__WHAT YOU HAVE TO DO__. Output the listing exactly as written, apart from its pictures.

__DATA SEGMENT__.
○ ○ ○ ○ ○

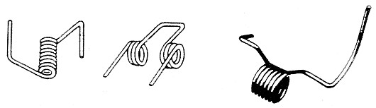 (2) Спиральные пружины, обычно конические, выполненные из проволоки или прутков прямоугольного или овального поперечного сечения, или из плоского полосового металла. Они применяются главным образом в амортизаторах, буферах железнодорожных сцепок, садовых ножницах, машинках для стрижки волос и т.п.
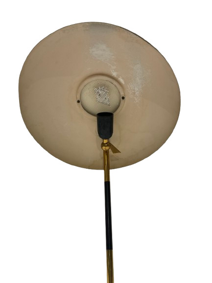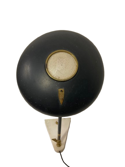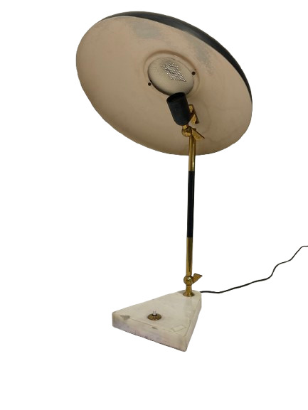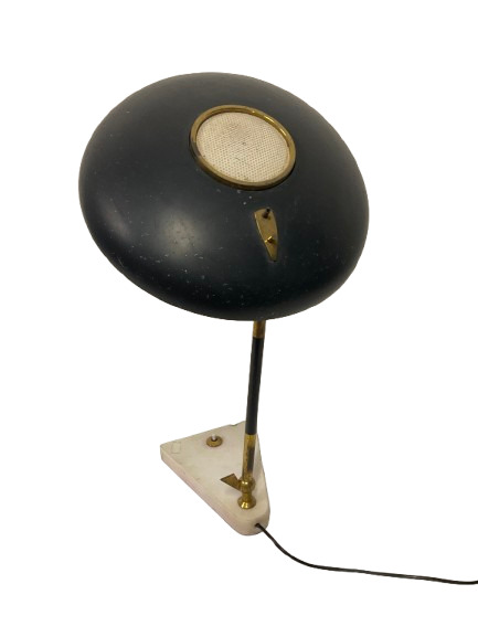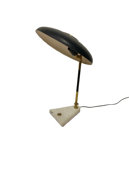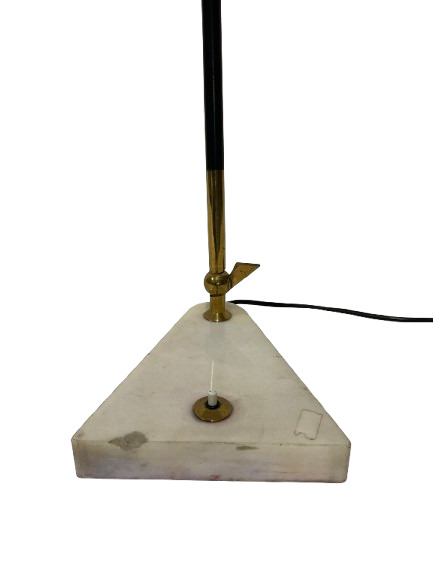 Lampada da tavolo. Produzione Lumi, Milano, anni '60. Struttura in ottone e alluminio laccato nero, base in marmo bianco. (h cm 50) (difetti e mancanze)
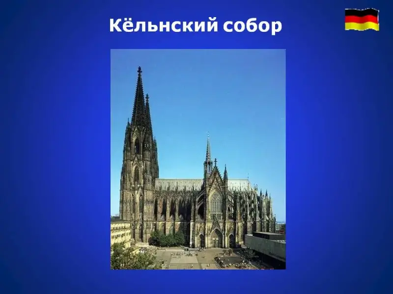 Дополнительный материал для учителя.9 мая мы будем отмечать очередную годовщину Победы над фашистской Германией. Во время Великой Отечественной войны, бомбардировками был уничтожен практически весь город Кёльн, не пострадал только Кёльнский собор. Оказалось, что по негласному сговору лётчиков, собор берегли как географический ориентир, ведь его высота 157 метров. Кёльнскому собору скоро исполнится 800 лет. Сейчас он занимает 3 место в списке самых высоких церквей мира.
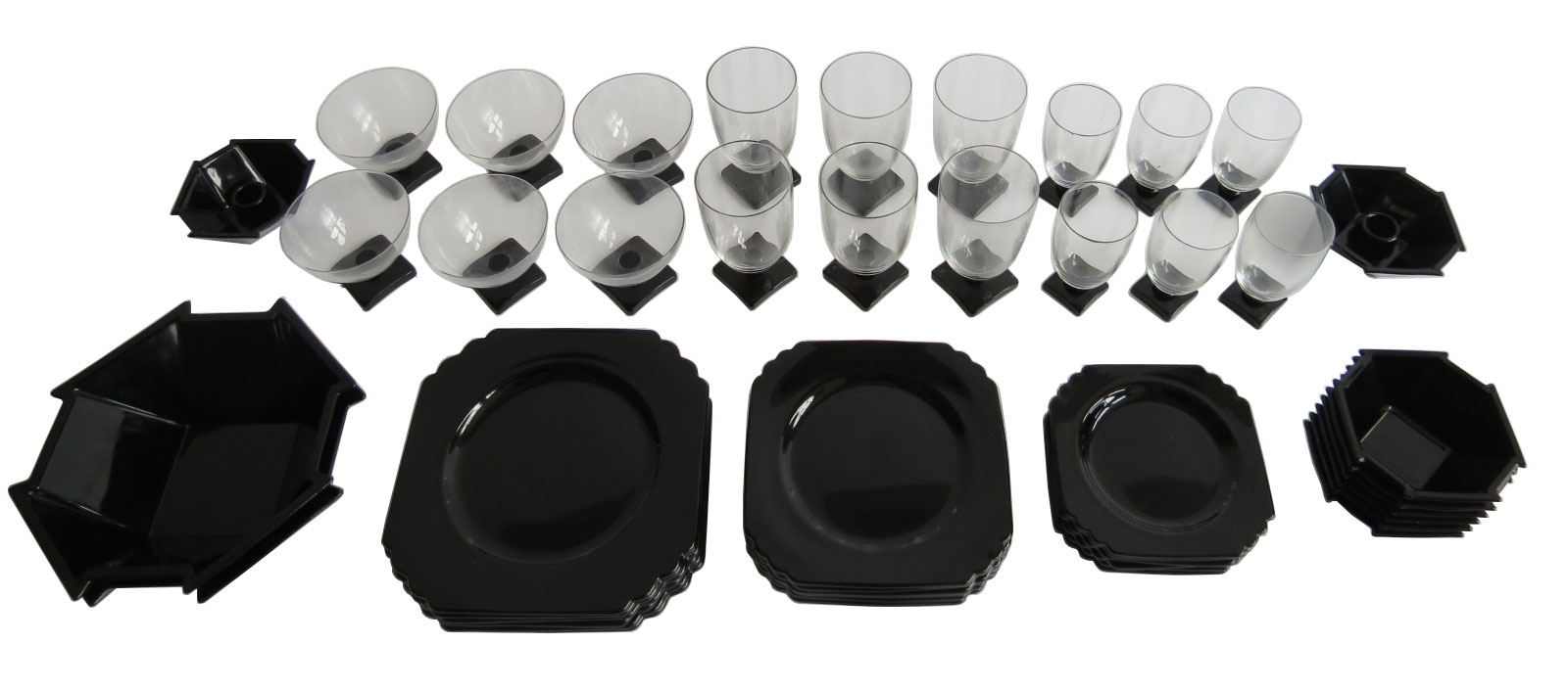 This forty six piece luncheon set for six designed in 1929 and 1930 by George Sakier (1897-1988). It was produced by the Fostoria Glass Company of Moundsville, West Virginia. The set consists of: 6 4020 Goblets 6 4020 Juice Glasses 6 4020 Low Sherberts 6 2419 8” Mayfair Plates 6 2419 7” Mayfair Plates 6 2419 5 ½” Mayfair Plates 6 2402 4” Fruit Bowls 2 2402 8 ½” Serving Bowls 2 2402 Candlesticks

○ ○ ○ ○ ○

__PROBLEM SOLUTION__.
 (2) Спиральные пружины, обычно конические, выполненные из проволоки или прутков прямоугольного или овального поперечного сечения, или из плоского полосового металла. Они применяются главным образом в амортизаторах, буферах железнодорожных сцепок, садовых ножницах, машинках для стрижки волос и т.п.
 Lampada da tavolo. Produzione Lumi, Milano, anni '60. Struttura in ottone e alluminio laccato nero, base in marmo bianco. (h cm 50) (difetti e mancanze)
 Дополнительный материал для учителя.9 мая мы будем отмечать очередную годовщину Победы над фашистской Германией. Во время Великой Отечественной войны, бомбардировками был уничтожен практически весь город Кёльн, не пострадал только Кёльнский собор. Оказалось, что по негласному сговору лётчиков, собор берегли как географический ориентир, ведь его высота 157 метров. Кёльнскому собору скоро исполнится 800 лет. Сейчас он занимает 3 место в списке самых высоких церквей мира.
 This forty six piece luncheon set for six designed in 1929 and 1930 by George Sakier (1897-1988). It was produced by the Fostoria Glass Company of Moundsville, West Virginia. The set consists of: 6 4020 Goblets 6 4020 Juice Glasses 6 4020 Low Sherberts 6 2419 8” Mayfair Plates 6 2419 7” Mayfair Plates 6 2419 5 ½” Mayfair Plates 6 2402 4” Fruit Bowls 2 2402 8 ½” Serving Bowls 2 2402 Candlesticks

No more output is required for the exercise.